Have a look and add your suggestions and comments to the list.
Thanks to Attila for hosting these pictures.
ShadersH. Fisher explained a little about the recent techinical discussion on the list with a comparison of nVida and Ait GPUs design regarding shaders.
Each of those 48 shader units has a four-way vector ALU. The management problem is dividing up each vertex of a triangle, or each fragment within a scan line, to be assigned to a different shader unit. Each of the shader units is executing it's own program. It's the same kind of multiprocessing problem as dividing up, say, SETI or similar parallel problems across many CPUs.

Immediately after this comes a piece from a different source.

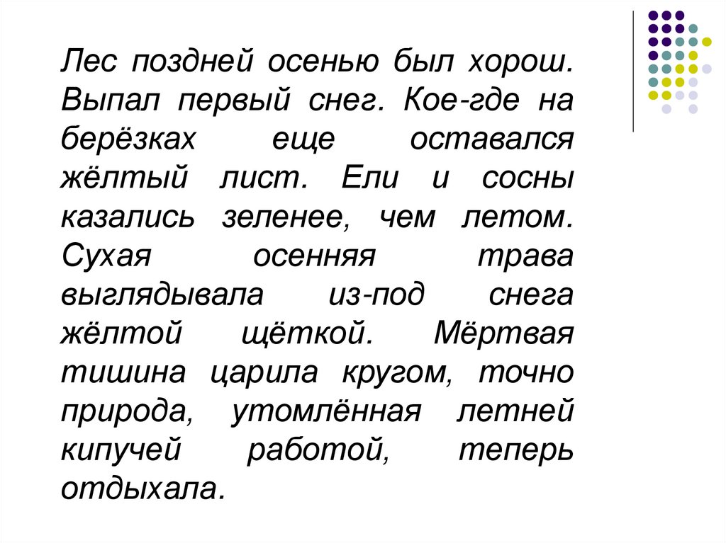 Лес поздней осенью был хорош.Выпал первый снег. Кое-где на
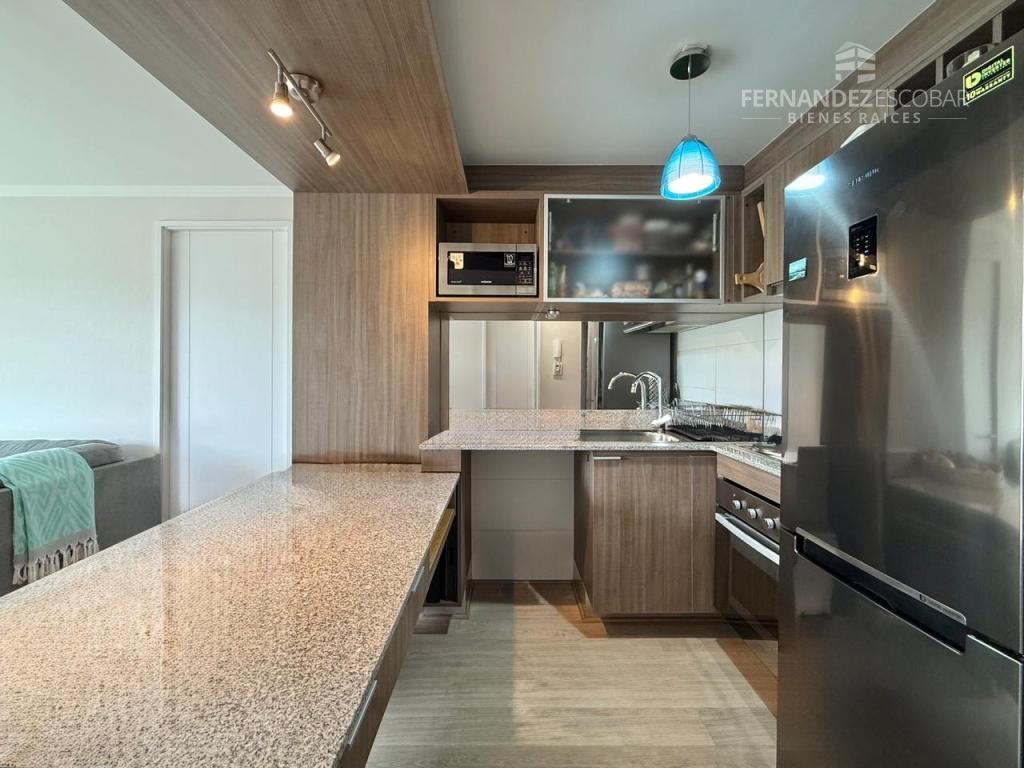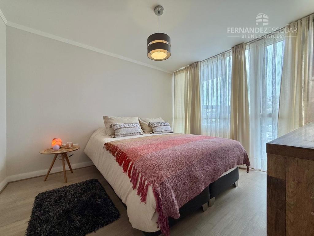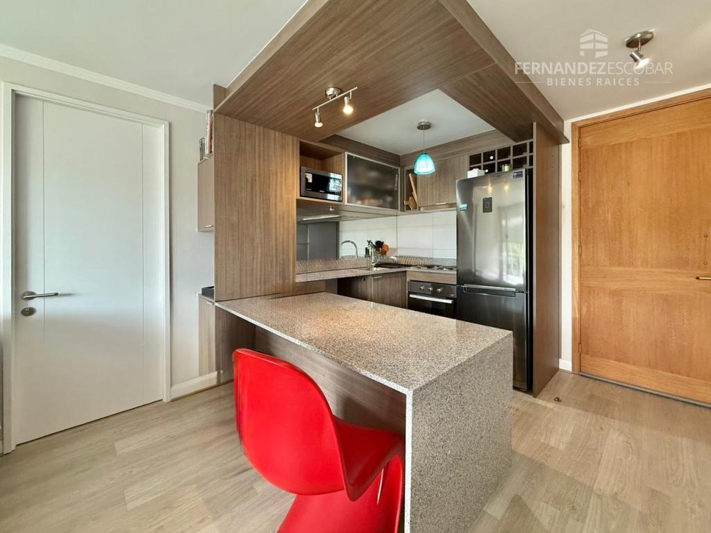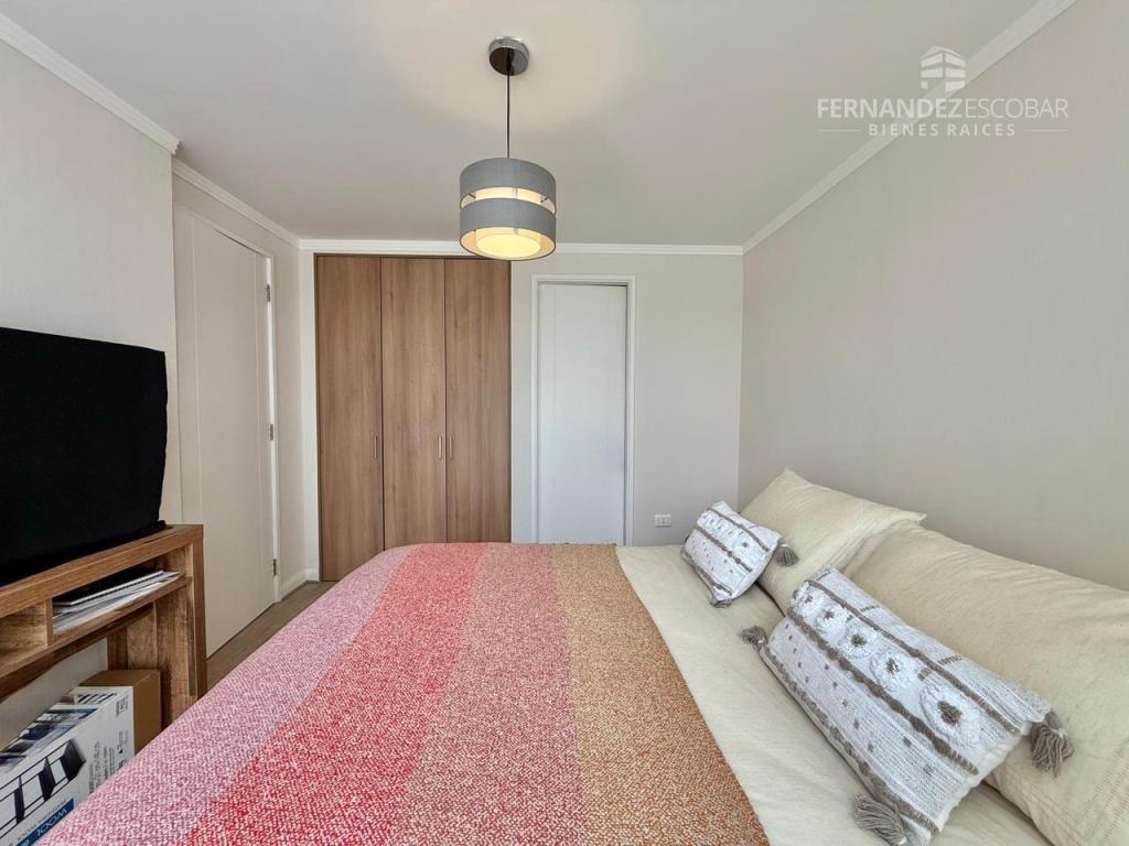 El condominio cuenta con acceso controlado, estacionamiento de visitas, piscina exterior, sala multiuso, áreas verdes y quincho. Paga de gastos comunes $116.000.

What we are discussing is how to execute the instructions WITHIN a single shader unit.
The argument for vectors is that, with todays GPUs, the majority of the instructions are four-way vector ops to begin with. It's not like regular C/C++/Java code where the compiler has to try and identify vector-like sequences. In shader code, every vector value and vector operation is explicitly declared/written in the source code, so it's easy for the assembler/compiler to generate vector ops. This also makes it easy to translate shaders into SSE or Alti Vec code sequences on conventional CPUs, which is how various pure software pixel shader implementations get their performance.

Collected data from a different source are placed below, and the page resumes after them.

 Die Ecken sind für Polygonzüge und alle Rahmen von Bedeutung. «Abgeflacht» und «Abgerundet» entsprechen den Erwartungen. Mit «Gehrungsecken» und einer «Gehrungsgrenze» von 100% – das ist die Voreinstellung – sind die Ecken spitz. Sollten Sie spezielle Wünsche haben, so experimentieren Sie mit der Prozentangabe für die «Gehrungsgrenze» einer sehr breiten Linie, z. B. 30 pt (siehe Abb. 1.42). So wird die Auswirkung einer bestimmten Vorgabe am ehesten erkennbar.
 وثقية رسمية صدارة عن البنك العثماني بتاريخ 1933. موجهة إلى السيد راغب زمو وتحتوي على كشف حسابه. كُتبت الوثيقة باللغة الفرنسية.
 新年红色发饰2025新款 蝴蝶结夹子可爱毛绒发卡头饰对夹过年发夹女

Nico: Most propose ASM instruction are vector one. But ..., you see a lot of MOV, a lot of partial vector use, scalar mul, etc...
Maybe we should read more shader code but the (...example...) shown here are pretty full of scalar op (so this code did not fit well inside vector FPU).
H. Fisher: A GPU has to execute exactly the same shader program for every pixel in a given triangle/primitive. There is a small amount of data that varies for each primitive: the coords/normal/ tex coords at vertex level; color/texcoords for fragments; which is about a dozen 4x32 bit registers at most. There's a K or two of OpenGL state that the shader can read but not write to as well, plus a K (?) or so of app state with the same restriction.
Now that shaders have branches it's not guaranteed that they all execute in lockstep, but there is a very high probability that all the execution units will need to read from the same memory location at the same time. Brute force replication might work better than dynamic scheduling.
T. Miller You have a point. Aside from a small possibility for variation in instruction sequence, if one pixel's shader needs the vector multiplier, then they all do, at the same time. But what I was thinking was that if they all needed the vmul unit on one cycle but not on the next, then two of the threads' instructions could be scheduled on one cycle and two on the next. What are the chances that we'll get a long stream of vmuls all in a row with no breaks? In that case, it would definitely be better to have four completely independent functional units.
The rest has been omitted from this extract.